(Prompt):
When you reproduce the listing, keep every word as it is and drop the pictures.

-------- Information supplied --------

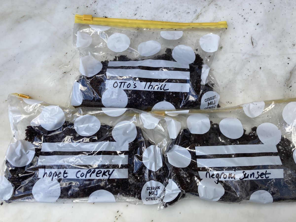 De dahliaknollen die ik van @Mellie heb gekregen hebben zich inmiddels 24 uur kunnen volzuigen met water. Omdat ik niet zo goed kon zien wat nou boven of onder is, geïnspireerd door @Vrouwholle , heb ik ze in ziplock zakjes gedaan met wat vochtige potgrond. De zakjes liggen voorlopig in de zitkamer met z’n drietjes in een bakje i.v.m. de temperatuur. De komende dagen even in de gaten houden waar zich een uitlopertje laat zien.
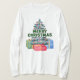 Prepare-se para as férias com esta camisa festiva. Esta árvore de Natal é decorada e tem presentes brilhantemente coloridos à sua volta. As palavras MERRY CHRISTMAS têm um padrão verde.
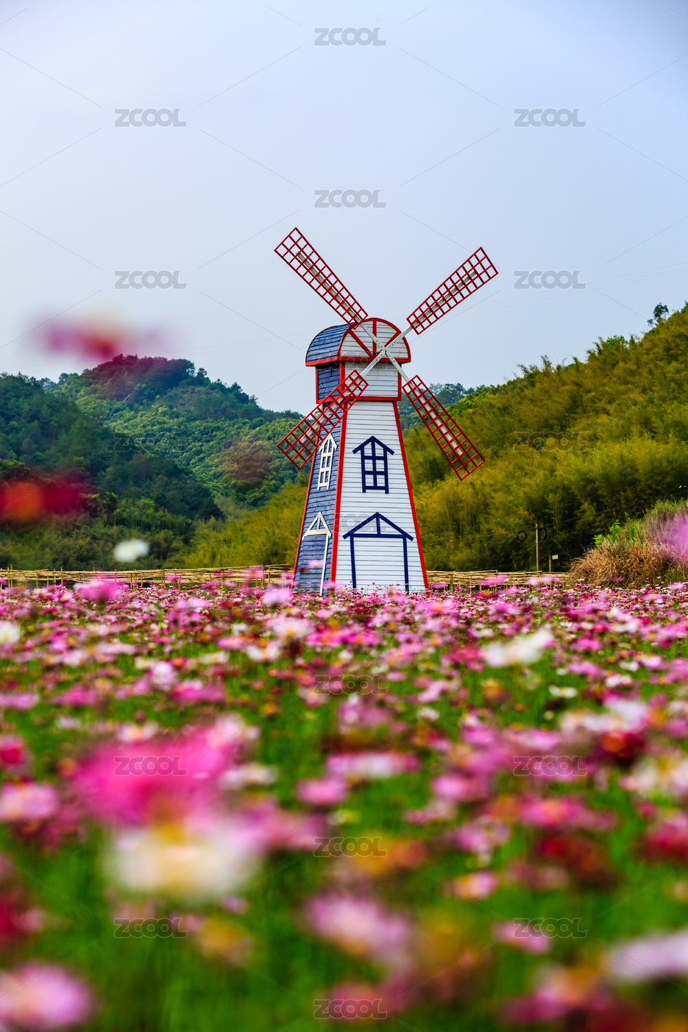 浙江杭州富阳铜鉴湖公园秋天茅草亭与波斯菊

--------

(Exercise solution):
 De dahliaknollen die ik van @Mellie heb gekregen hebben zich inmiddels 24 uur kunnen volzuigen met water. Omdat ik niet zo goed kon zien wat nou boven of onder is, geïnspireerd door @Vrouwholle , heb ik ze in ziplock zakjes gedaan met wat vochtige potgrond. De zakjes liggen voorlopig in de zitkamer met z’n drietjes in een bakje i.v.m. de temperatuur. De komende dagen even in de gaten houden waar zich een uitlopertje laat zien.
 Prepare-se para as férias com esta camisa festiva. Esta árvore de Natal é decorada e tem presentes brilhantemente coloridos à sua volta. As palavras MERRY CHRISTMAS têm um padrão verde.
 浙江杭州富阳铜鉴湖公园秋天茅草亭与波斯菊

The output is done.